Stored items
========

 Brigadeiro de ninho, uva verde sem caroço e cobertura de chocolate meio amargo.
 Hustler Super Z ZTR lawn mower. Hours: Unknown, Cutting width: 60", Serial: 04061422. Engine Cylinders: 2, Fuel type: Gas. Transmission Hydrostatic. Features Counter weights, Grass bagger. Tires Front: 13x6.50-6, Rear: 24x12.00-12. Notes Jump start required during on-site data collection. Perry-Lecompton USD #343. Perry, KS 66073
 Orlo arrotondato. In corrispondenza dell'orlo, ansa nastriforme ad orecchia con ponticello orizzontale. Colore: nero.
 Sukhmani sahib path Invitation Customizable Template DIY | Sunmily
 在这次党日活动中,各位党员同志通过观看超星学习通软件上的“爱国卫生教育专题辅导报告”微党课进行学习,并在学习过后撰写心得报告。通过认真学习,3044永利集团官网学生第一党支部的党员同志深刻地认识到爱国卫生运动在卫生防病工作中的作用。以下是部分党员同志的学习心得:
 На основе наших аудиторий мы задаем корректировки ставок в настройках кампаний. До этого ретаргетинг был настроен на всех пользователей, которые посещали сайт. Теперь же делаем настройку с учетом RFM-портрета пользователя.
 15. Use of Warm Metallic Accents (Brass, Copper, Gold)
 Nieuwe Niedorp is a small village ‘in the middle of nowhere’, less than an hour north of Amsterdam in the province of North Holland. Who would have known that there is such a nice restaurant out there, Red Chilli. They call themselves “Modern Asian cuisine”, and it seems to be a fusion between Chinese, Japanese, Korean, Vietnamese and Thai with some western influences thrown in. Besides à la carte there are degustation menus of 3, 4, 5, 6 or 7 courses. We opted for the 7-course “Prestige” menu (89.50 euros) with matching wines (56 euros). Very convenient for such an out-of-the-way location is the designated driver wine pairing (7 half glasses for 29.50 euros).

========

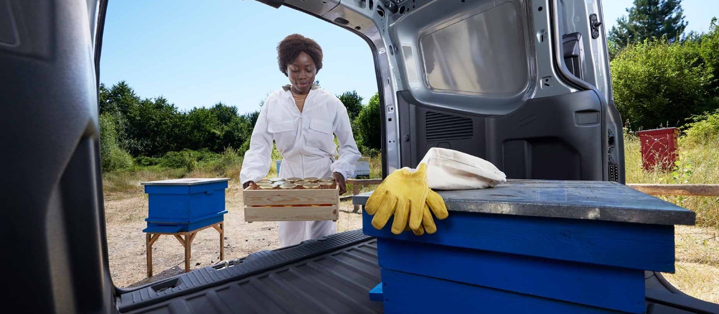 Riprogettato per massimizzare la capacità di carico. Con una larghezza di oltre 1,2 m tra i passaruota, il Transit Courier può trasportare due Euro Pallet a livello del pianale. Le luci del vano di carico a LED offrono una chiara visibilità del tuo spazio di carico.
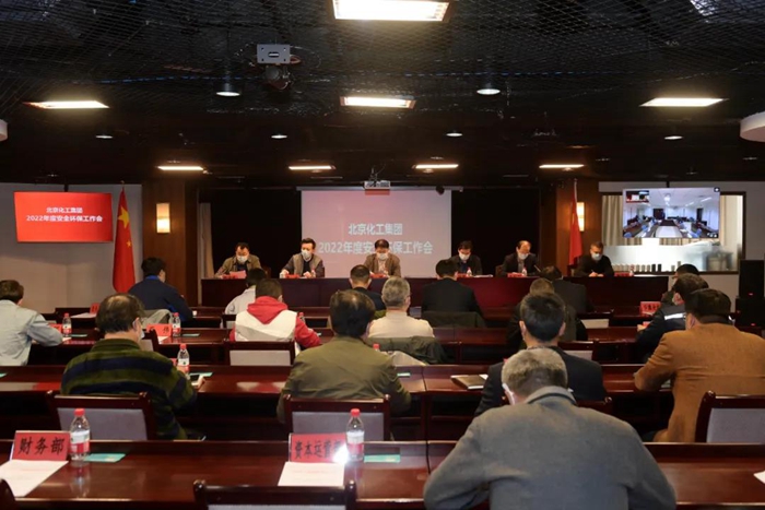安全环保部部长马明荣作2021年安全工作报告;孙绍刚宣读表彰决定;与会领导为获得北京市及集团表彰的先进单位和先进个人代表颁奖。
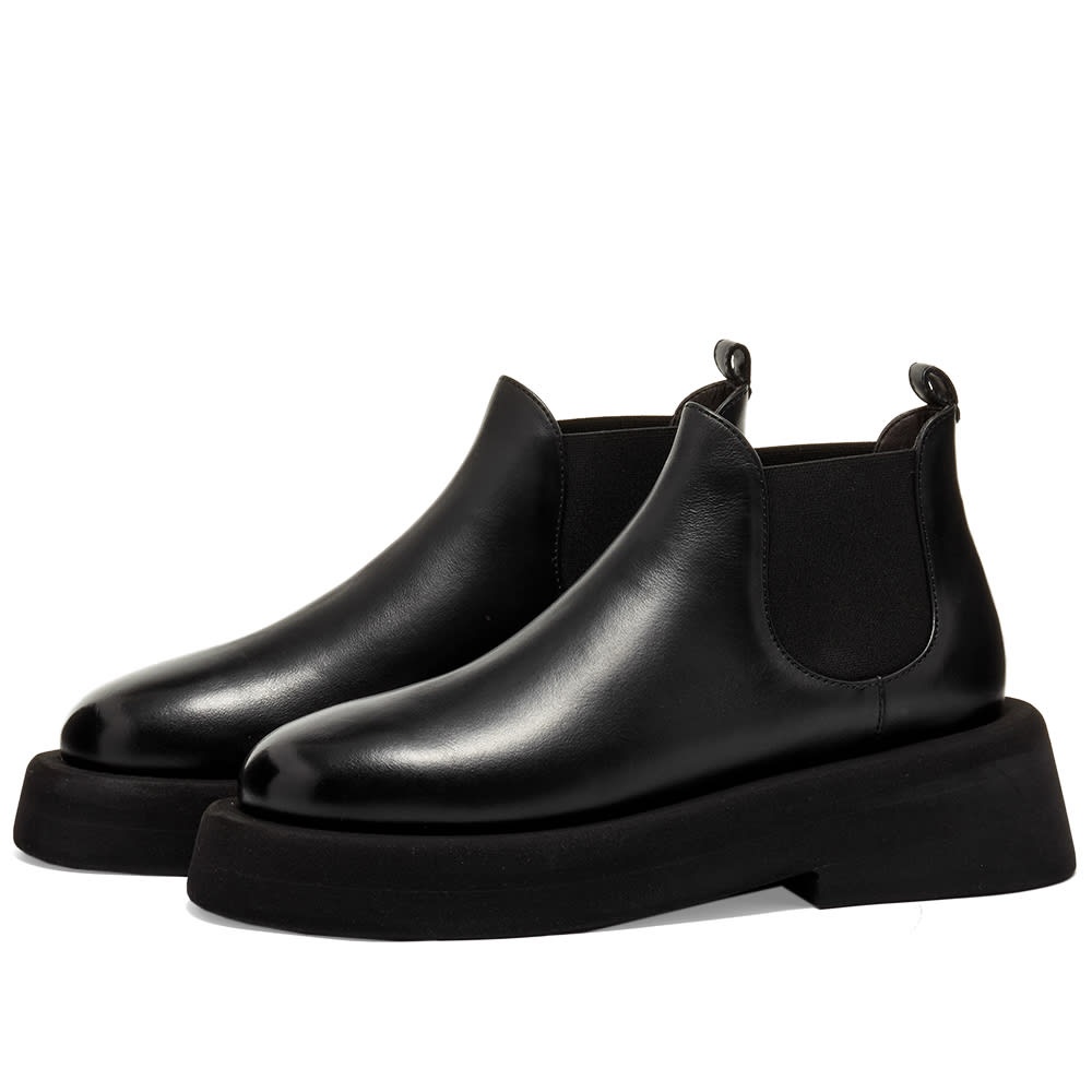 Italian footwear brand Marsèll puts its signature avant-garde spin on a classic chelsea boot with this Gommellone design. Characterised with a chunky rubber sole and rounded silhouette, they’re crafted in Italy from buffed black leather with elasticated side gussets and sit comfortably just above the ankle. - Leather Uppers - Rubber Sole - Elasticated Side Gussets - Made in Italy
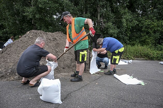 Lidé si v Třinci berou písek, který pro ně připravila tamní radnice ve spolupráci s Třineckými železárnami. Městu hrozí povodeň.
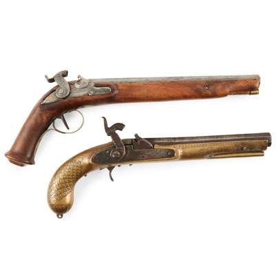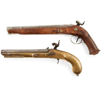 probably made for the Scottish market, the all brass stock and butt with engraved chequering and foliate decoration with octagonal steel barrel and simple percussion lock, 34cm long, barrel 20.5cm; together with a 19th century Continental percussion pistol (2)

========

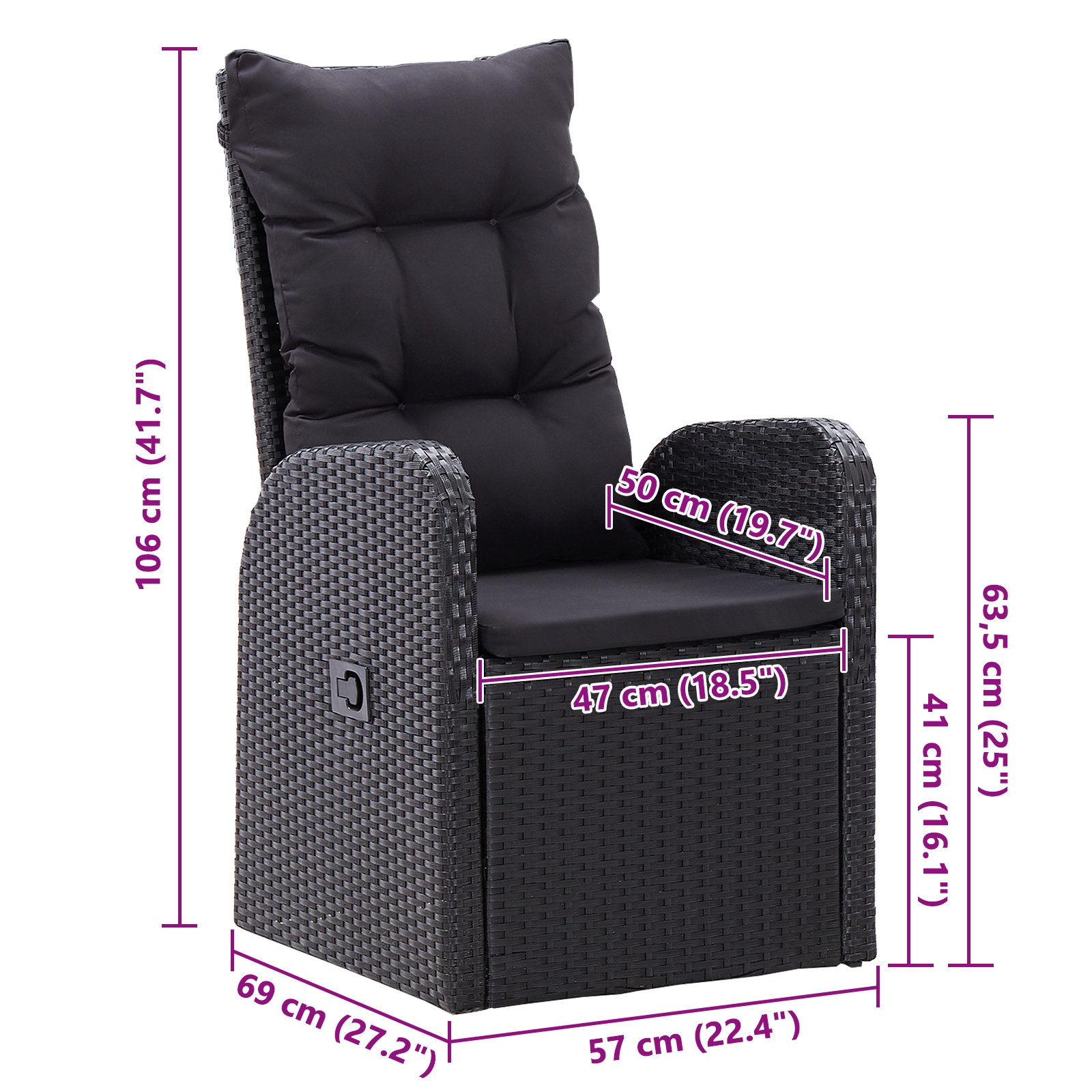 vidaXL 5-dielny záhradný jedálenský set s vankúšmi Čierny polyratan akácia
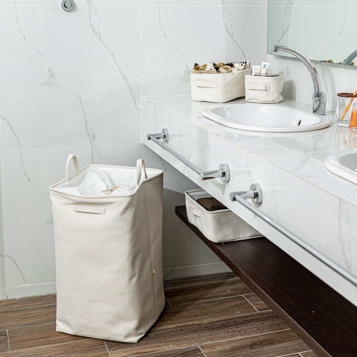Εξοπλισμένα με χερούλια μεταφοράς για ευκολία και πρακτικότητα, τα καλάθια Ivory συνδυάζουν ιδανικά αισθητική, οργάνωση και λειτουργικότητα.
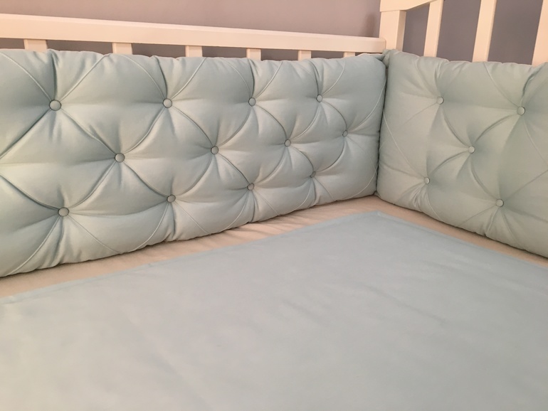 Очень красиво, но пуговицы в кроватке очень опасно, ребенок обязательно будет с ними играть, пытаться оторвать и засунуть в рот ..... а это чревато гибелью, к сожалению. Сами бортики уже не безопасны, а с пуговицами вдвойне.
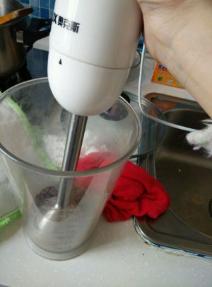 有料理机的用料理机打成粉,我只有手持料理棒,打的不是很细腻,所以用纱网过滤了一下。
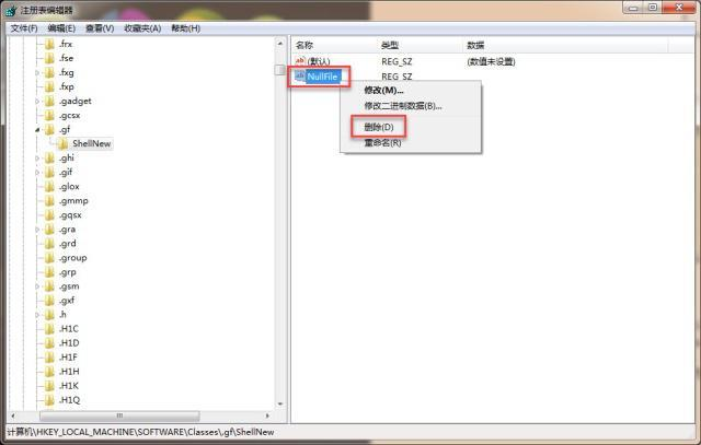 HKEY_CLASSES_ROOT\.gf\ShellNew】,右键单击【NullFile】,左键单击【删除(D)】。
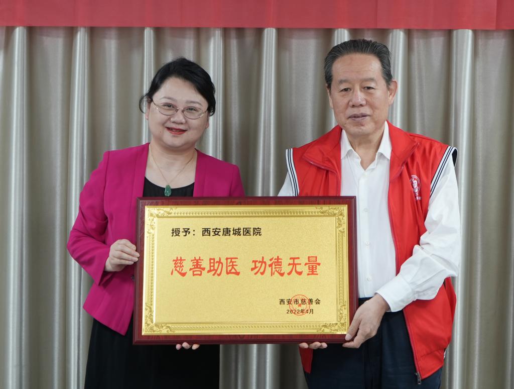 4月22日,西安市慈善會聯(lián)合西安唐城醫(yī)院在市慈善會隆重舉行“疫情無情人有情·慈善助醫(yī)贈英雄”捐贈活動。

========

**WHAT IS BEING ASKED**
Return exactly the lines above, from the one with "Italian footwear brand" up to and including the one with "Lidé si v Třinci", and include no pictures.

**SOLUTION FOR THIS EXERCISE**
 Italian footwear brand Marsèll puts its signature avant-garde spin on a classic chelsea boot with this Gommellone design. Characterised with a chunky rubber sole and rounded silhouette, they’re crafted in Italy from buffed black leather with elasticated side gussets and sit comfortably just above the ankle. - Leather Uppers - Rubber Sole - Elasticated Side Gussets - Made in Italy
 Lidé si v Třinci berou písek, který pro ně připravila tamní radnice ve spolupráci s Třineckými železárnami. Městu hrozí povodeň.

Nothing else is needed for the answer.